January-February 2017, Volume 14, Issue 1
PERSIST-ence in Myelofibrosis: Q&A With Dr. John Mascarenhas
Published on: January 01, 2017
The Late-Breaking Abstract session at the 2016 ASH Annual Meeting featured much-anticipated data from the PERSIST-2 trial, which evaluated the use of the oral JAK inhibitor pacritinib in patients with myelofibrosis (MF) and thrombocytopenia. Here, Dr. John Mascarenhas from the Mount Sinai School of Medicine discusses the study’s design, rationale, and results, and potential future directions with this agent for patients with MF.
How does pacritinib differ from ruxolitinib, the only FDAapproved JAK inhibitor for myelofibrosis?
Pacritinib is a multikinase inhibitor with specificity for JAK2, FLT3, IRAK1, and CSF1R. This profile is different than that of the only currently FDA approved therapy for myelofibrosis (MF), ruxolitinib, a highly selective JAK1/2 inhibitor. Although they share anti-JAK2 activity, the other kinases that are inhibited by pacritinib likely provide an explanation for differences in the clinical responses and may underlie why pacritinib has been shown to be relatively less myelosuppressive than ruxolitinib and has even been associated with an anemia response (25% achieved transfusion independence) and platelet improvement (35% increase in mean platelet count in those with a baseline platelet count lower than 50 × 109/L) in the PERSIST-1 trial.

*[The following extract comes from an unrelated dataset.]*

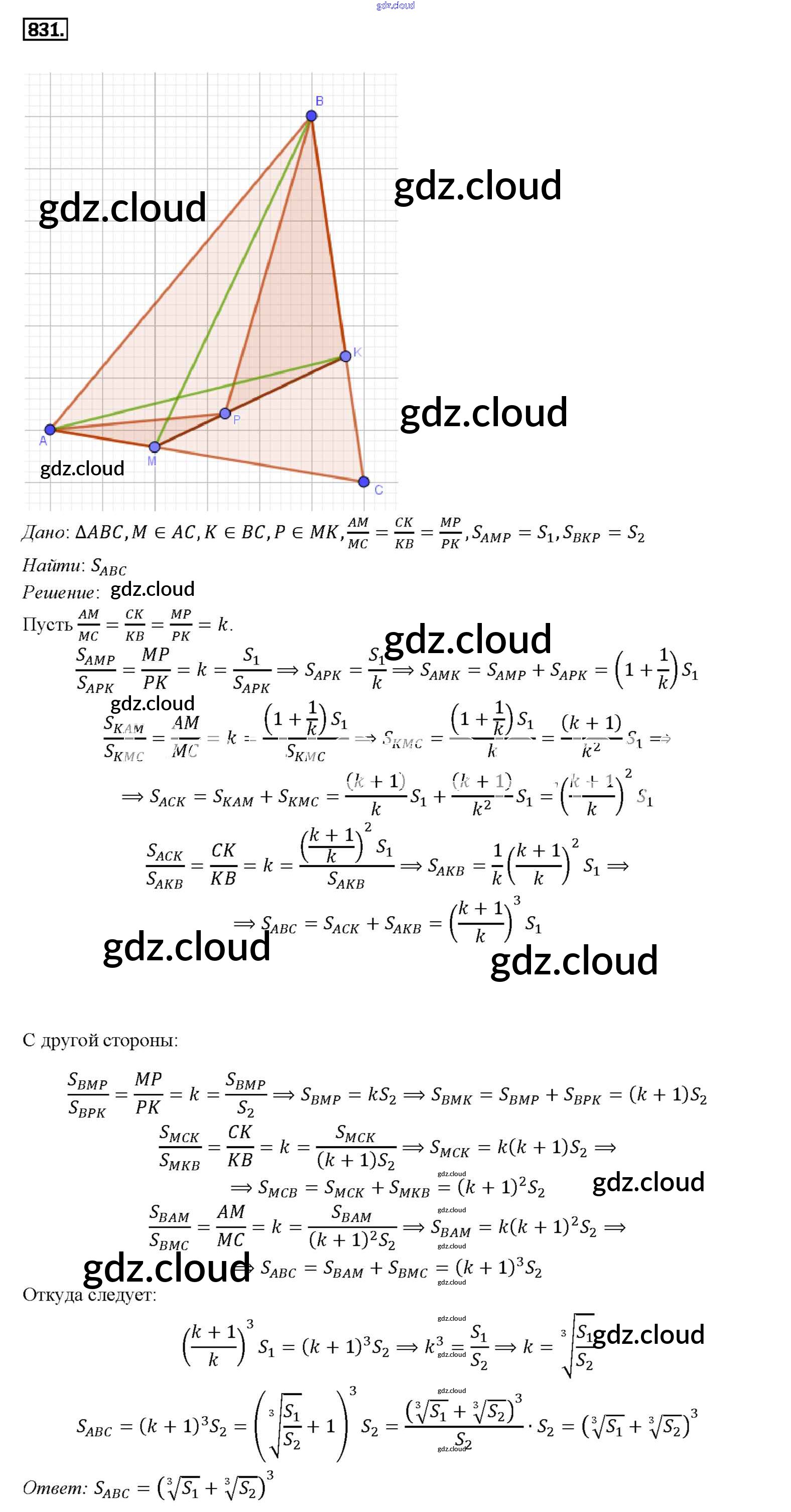 Ответ на задание 831 Учебник Геометрия за 7, 8, 9 (седьмой, восьмой, девятый) класс Атанасян, Бутузов, Кадомцев 2010

What was the rationale for PERSIST-2?
PERSIST-2 was designed to evaluate pacritinib in patients with low platelet counts as either a direct function of their disease or as a consequence of ruxolitinib therapy. The data from phase III, randomized PERSIST-1 clinical trial indicated both safety and efficacy in patients with MF irrespective of the baseline platelet count. Thus, even in the severe thrombocytopenia cohort of patients enrolled in PERSIST-1, there was a statistically significant difference in the primary endpoint of spleen volume reduction: 33.3 percent in the pacritinib arm versus 0 percent in the best available therapy (BAT) arm (p=0.037) among evaluable patients. Also, looking at symptom improvement as a secondary endpoint in the cohort with a platelet count less than 50 × 109/L, there appeared to be some benefit with pacritinib over BAT (31.8% vs. 11.1%; p=0.379), though this did not reach statistical significance. These data supported the evaluation of pacritinib in PERSIST-2 with a target population of individuals with thrombocytopenia and prior ruxolitinib therapy.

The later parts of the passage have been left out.